19 March 2010  |  9740 views  |  1 biometric  eye

Fraud against UK financial institutions and their customers is evolving rapidly as organised criminals move into the mass-market and recession-hit consumers falsify their data, according to figures compiled by credit risk agency Experian.

Nick Mothershaw, director of fraud and identity solutions at Experian, comments: "Attempted fraud is on the increase and the nature of the threat is changing. Organised criminal fraudsters are moving into the mass-market, looking beyond those with obvious wealth towards lower-value but more vulnerable targets. At the same time, financial stress brought about by the recession is driving increasing numbers of people to commit fraud to maintain their lifestyles."

As a result, he says, financial institutions could be faced with sustained fraud attacks during 2010.

The report suggests that mortgage and insurance providers could be hit to the tune of £1.2 billion and £2.5 billion worth of fraud respectively in 2010.

Experian's analysis of fraud data reveals that while the wealthiest sections of society continue to be at high risk of identity fraud, fraudsters are increasingly looking to the mass-market for victims. Young couples, singles and rented home sharers are being hit as fraudsters seek to commit high-volumes of low value frauds using the identities of more easily impersonated victims.

Experian's report also reveals that first-party fraud, which occurs when individuals manipulate their own information attempting to obtain financial services they are not entitled to, surged from around 28% of all fraud cases in the first three quarters of 2009 to 46% in the fourth quarter, at a time when identity fraud levels also grew.

Analysis of data collected through the vendor's National Hunter fraud data sharing scheme reveals a cluster of first-party fraud hotspots around the East End of London. Shadwell, Stepney, East Ham, Walthamstow, Woolwich, Peckham and Barking saw far higher than average instances of first-party fraud attempts, as did other London districts such as Streatham and Willesden. Outside of London, there were hotspots in the less affluent parts of Chatham, Leicester, Birmingham and Bolton.

"Our report shows that fraud threat is continually evolving and the associated losses have a direct impact on profitability," says Experian's Mothershaw. "Financial institutions need to take a more holistic approach to fraud, including sharing fraud data with other firms and ensuring that robust controls are in place across the business."

Comments: (1)

A Finextra member
A Finextra member | 23 March, 2010, 11:01

It is surely intuitive that the level of fraudulent activity increases at times when the economy is under pressure. In short, the Experian research confirms what we always believed.

Financial institutions will have some form of fraud detection software in place which identifies potentially suspect payments, from organised crime syndicates to individuals chancing their luck. Yet having triggered an exception, the problem with essentially manual systems is how to progress this speedily and effectively, when time is typically of the essence.

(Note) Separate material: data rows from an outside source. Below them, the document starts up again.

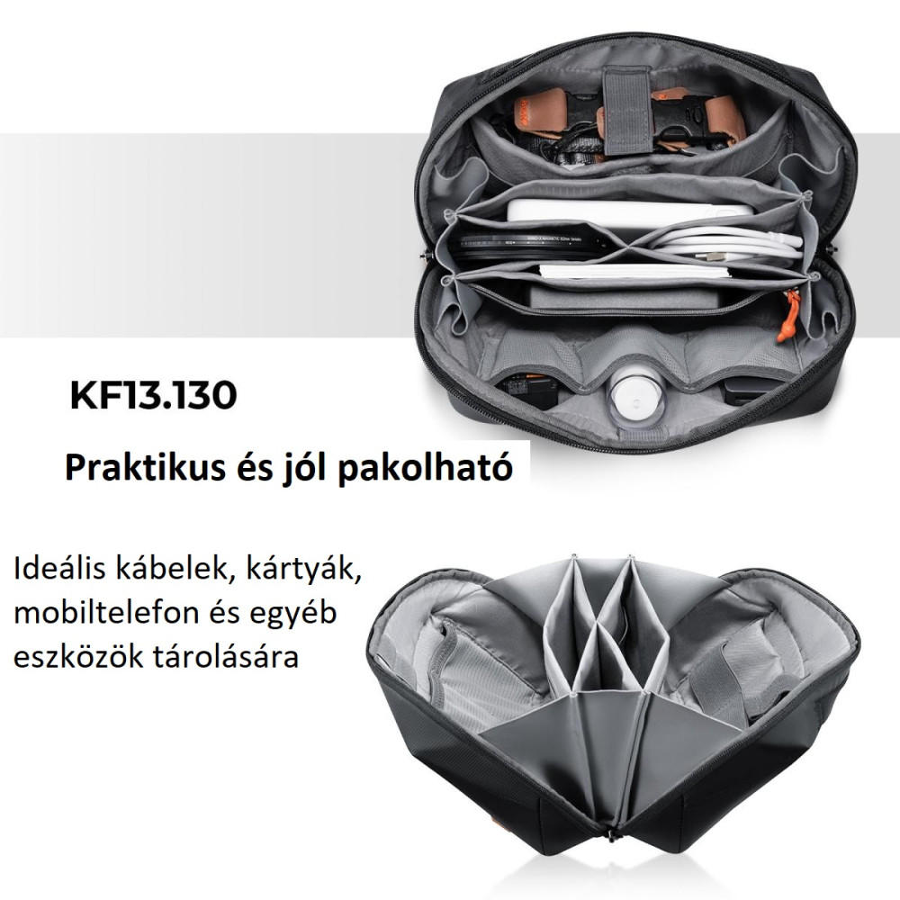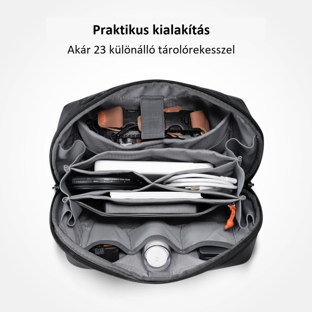 Az optimális belső térrel és akár 23 tároló hellyel rendelkező rendszerező táska, mely ideális mobiltelefonok, töltők, adatkábelek, mobil töltők, USB flash meghajtók, egerek, autókulcsok, bankkártyák rendkívül rendezett tárolására.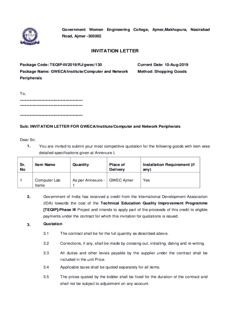 Government Women Engineering College, Ajmer, Makhupura, Faridabad Road, Ajmer 305002INVITATION LETTER Package Code: TEQIPIII/2019/RJ/Gwen/130Current Date: 10Aug2019Package Name: WECA/Institute/Computer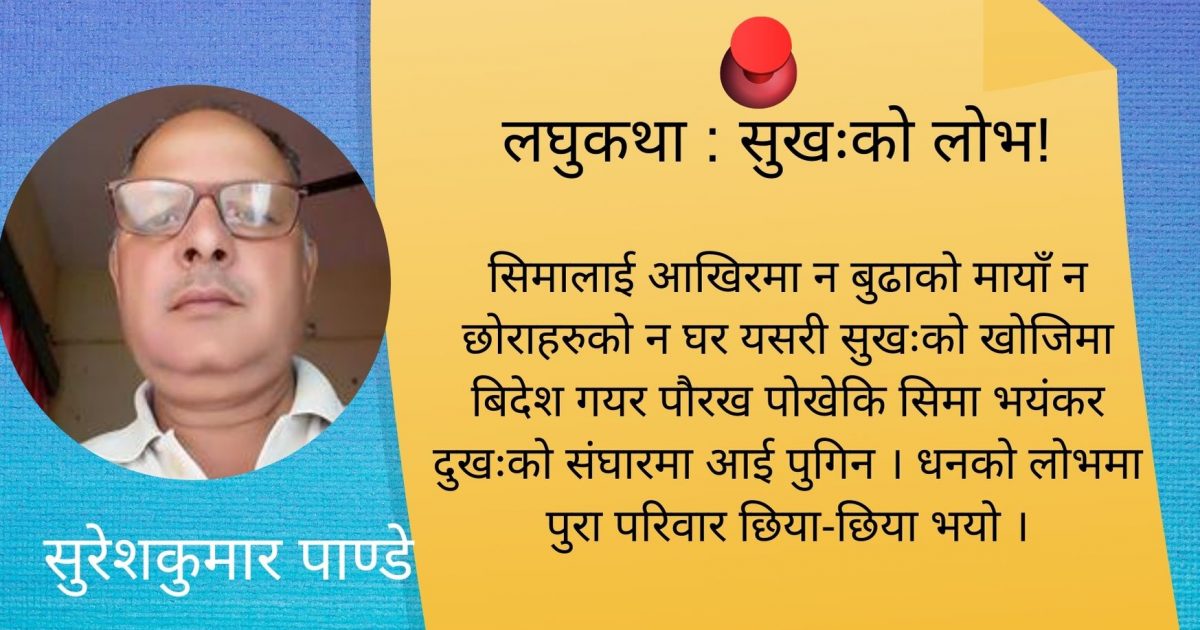 सिमाले कमाएर पठाएको धनले सिमालाई बद्नाम गर्ने र आफुले ऐयासी गर्नमा खर्चियो । अनि अक्षले आर्कि महिँला ल्याएर घर भित्रायो । उसै सँग बस्न थाल्यो छोराहरु पनि ठुलठुला भए । सिमालाई आखिरमा न बुढाको मायाँ न छोराहरुको न घर यसरी सुखःको खोजिमा बिदेश गयर पौरख पोखेकि सिमा भयंकर दुखःको संघारमा आई पुगिन । धनको लोभमा पुरा परिवार छिया-छिया भयो ।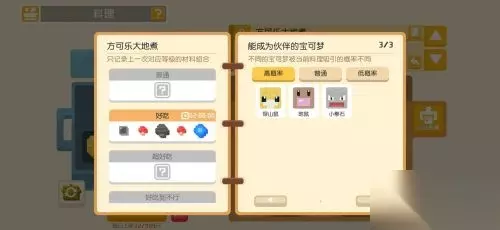 四、3大黄2大灰。可以出伊布、卡比兽、袋兽、大葱鸭等。 五、3大红1小黄1彩虹。可出妙蛙种子、蔓藤怪等。 以上就是目前的一些食谱搭配了,至于好不好用,你可以自己试试。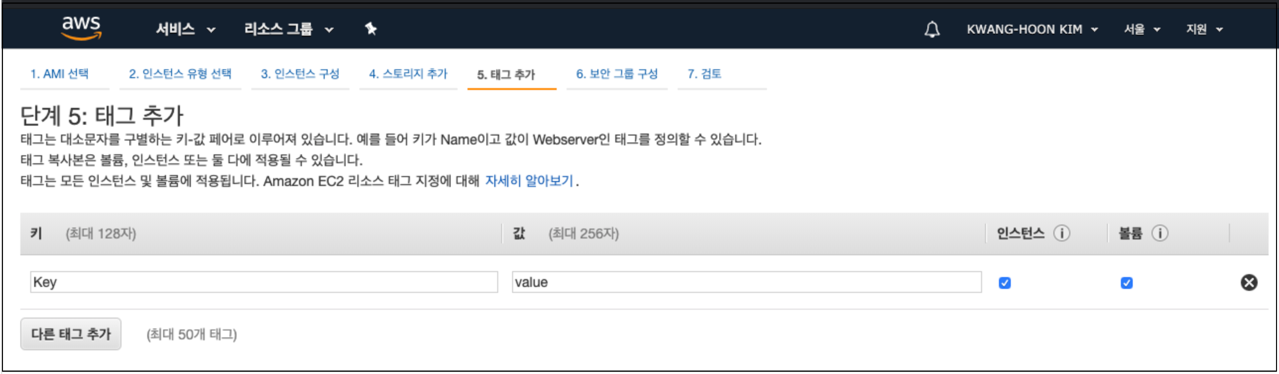 태그를 설정할 수 있으며, 태그는 인스턴스를 식별하는데 사용되며, 리소스를보다 쉽게 관리 가능함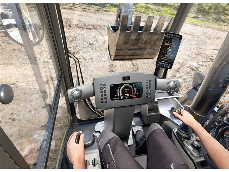 Lindner wykorzystuje wyświetlacz jako panel informacyjny oraz ekran do obsługi kamer i funkcji dodatkowych. Konfiguracja pionowa świetnie sprawdza się jako rozszerzona przestrzeń robocza operatora.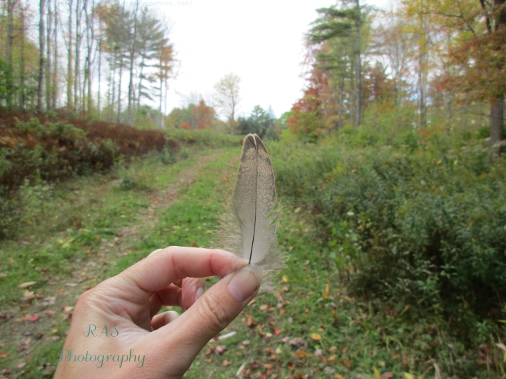 My mom and I went for a walk up in a nearby field, as we’re want to do, and I discovered this little feather! It looks like it may be a small feather from a turkey, or some similar wild bird: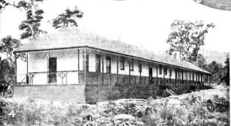 Description: This is an image of the Salvation Army Bayswater Boys’ Home. It shows a long, narrow single storey building in a bushland setting. This image is one of a set of images of Salvation Army Homes published in the Weekly Times on 31 January 1903.
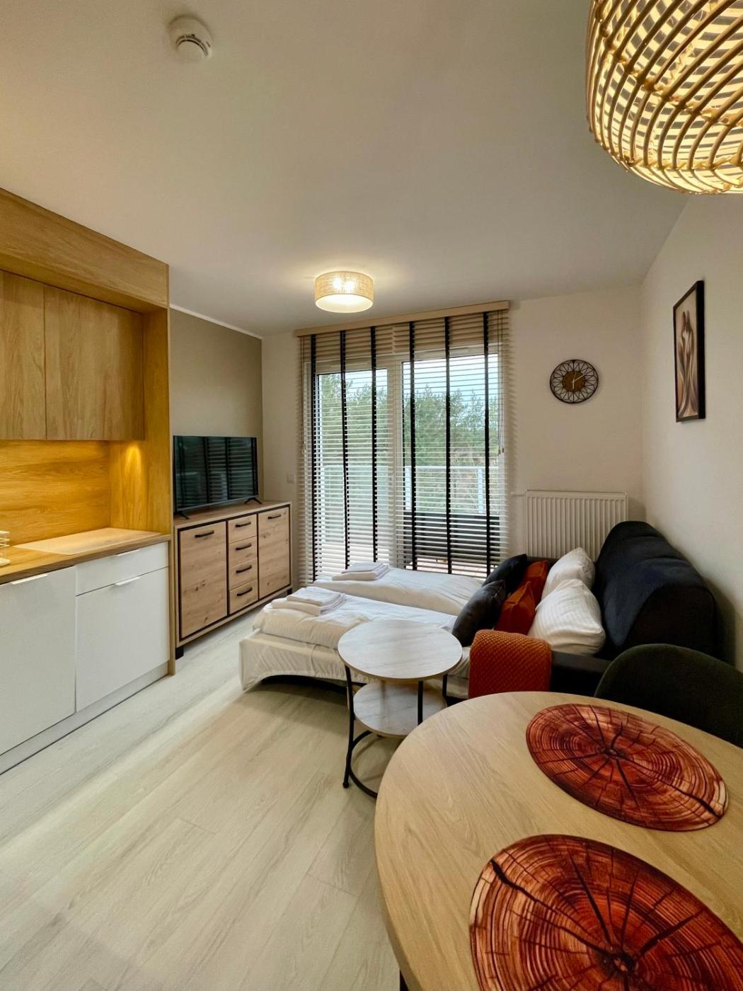 Apartament typu studio z balkonem. The private pool and hot tub are the special features of this apartment. This apartment comes with 1 living room, 1 separate bedroom and 1 bathroom with a shower and a hairdryer. Guests will find a stovetop, a refrigerator, a dishwasher and kitchenware in the well-equipped kitchen. The apartment also includes a barbecue. The apartment features a washing machine, soundproof walls, a tea and coffee maker, a flat-screen TV, as well as garden views. The unit has 1 bed. Apartament - 2 osobowy. Powierzchnia pokoju ok.: 21 mkw.

Yet proven and well established case management technologies exist which can automatically pick up these exceptions, auto-triage and create a ‘case'. Then, if integrated with an appropriate business process management system, the inherent intelligence of the software engine applies bespoke pre-set rules to prioritise suspect transactions from legitimate payments.

By creating a seamless end-to-end response backed up by a full audit trail, this ensures agreed customer service levels are maintained, fraud is stopped, operational efficiencies improved and the regulator satisfied. Win, win, win.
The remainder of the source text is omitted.